The works processing this cataclysmic challenge to age-old power structures have generally fallen into one of two warring camps. In favor of upending the ossified patriarchy, we have can-do films like Bombshell, in which a trio of whistleblowing women at Fox News depose lecherous head honcho Roger Ailes and leave the network a safer, more virtuous place to work. The anti- faction encompasses recent right-wing broadsides like the ideological screeds of Dinesh D’Souza and Dennis Prager, though its pathologies are articulated more precisely by precursors like David Mamet’s Oleanna and the seventh season of Entourage, joined in their belief that opportunistic women make mortal sins out of influential men’s roughness around the edges to gain the upper hand in competitive fields. Though the parties arguing against institutionalized predation have an obvious moral high ground, when reiterated in fiction, both ends of the spectrum come up short. Those nail-biting over the PC police’s overreach lose sight of the humanity at stake that trumps abstract or academic concerns; those vaunting triumphs over the system would have us believe nothing of worth has been lost in this process, selecting easy-to-hate villains instead of artists with value complicating their disposal.

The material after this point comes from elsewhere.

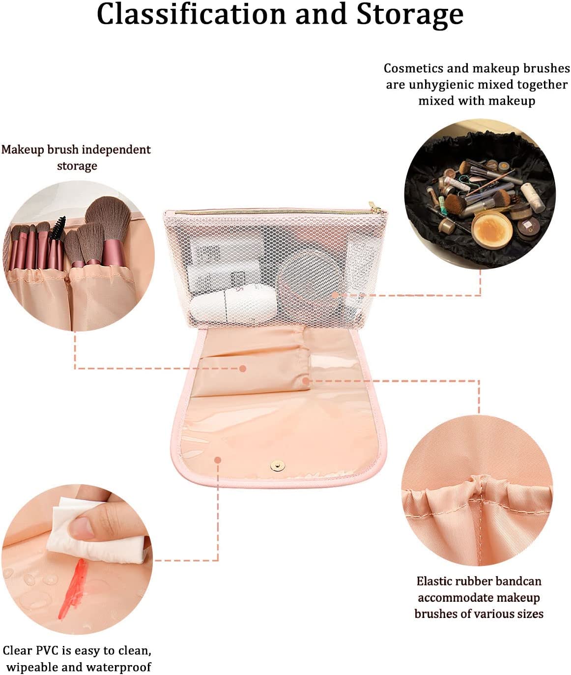 ?LARGE-CAPACITGY COSMETIC BAG :The large capacity travel cosmetic bag is designed with multiple divisions and compartments, which can store not only your cosmetics,makeup bursh,essential oils, Toiletries kits, valuables, etc. It can be organized to accommodate the cosmetics and makeup tools you need;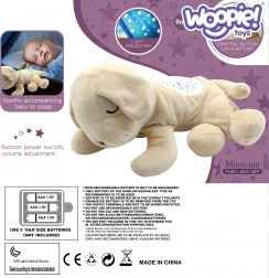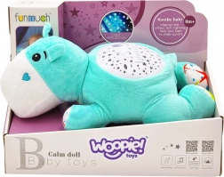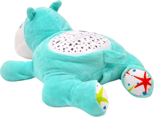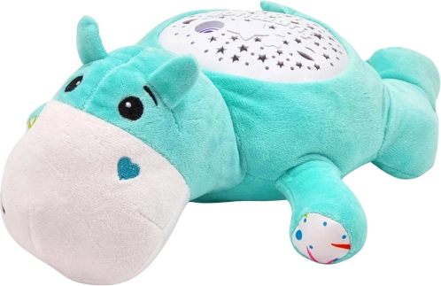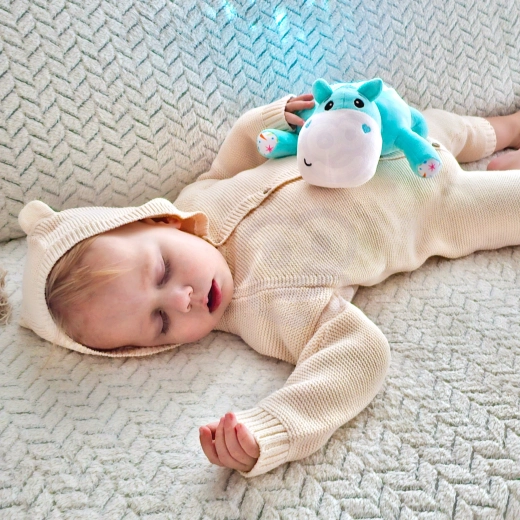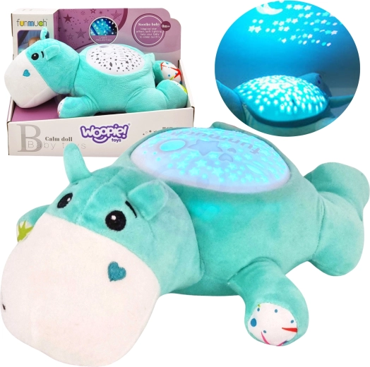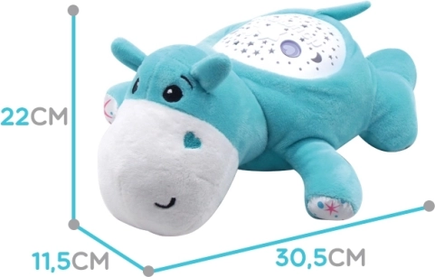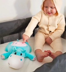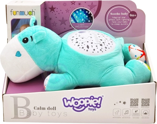 Pluszowy hipopotam WOOPIE BABY tworzy przed snem przytulną atmosferę dzięki delikatnemu światłu projektora oraz relaksującym kołysankom z odgłosami natury. Światełka płynnie zmieniają kolory i wyświetlają gwiazdy, księżyc oraz planety, co daje dzieciom poczucie bezpieczeństwa.

The first non-whiny, non-embarrassing cinematic perspective on “cancel culture,” Todd Field’s TÁR brings a sober, moderated nuance to a third-rail issue that all but demands polarization. The burgeoning queer fandom for the Cate Blanchett-played Lydia Tár — accomplished conductor, disciple of Leonard Bernstein and lesbian icon — affirms that we’re not supposed to feel one way or the other about this prickly yet magnetic figure. She’s a bullying egotist with a hinted-at predilection for sleeping with the fresh-faced musicians desperate for her approval, and as Field tracks her inevitable downfall, he leaves decisive tells that it’s well-deserved. And yet her dethroning comes with an air of lamentation founded in the belief that excellence means something in a world frightfully short on bona fide geniuses, her classically Greek hubris spoiling significant contributions to art at large. She has to go down, but Field knows it would be disingenuous to deny the frustration in seeing culture going down with her, even if just slightly.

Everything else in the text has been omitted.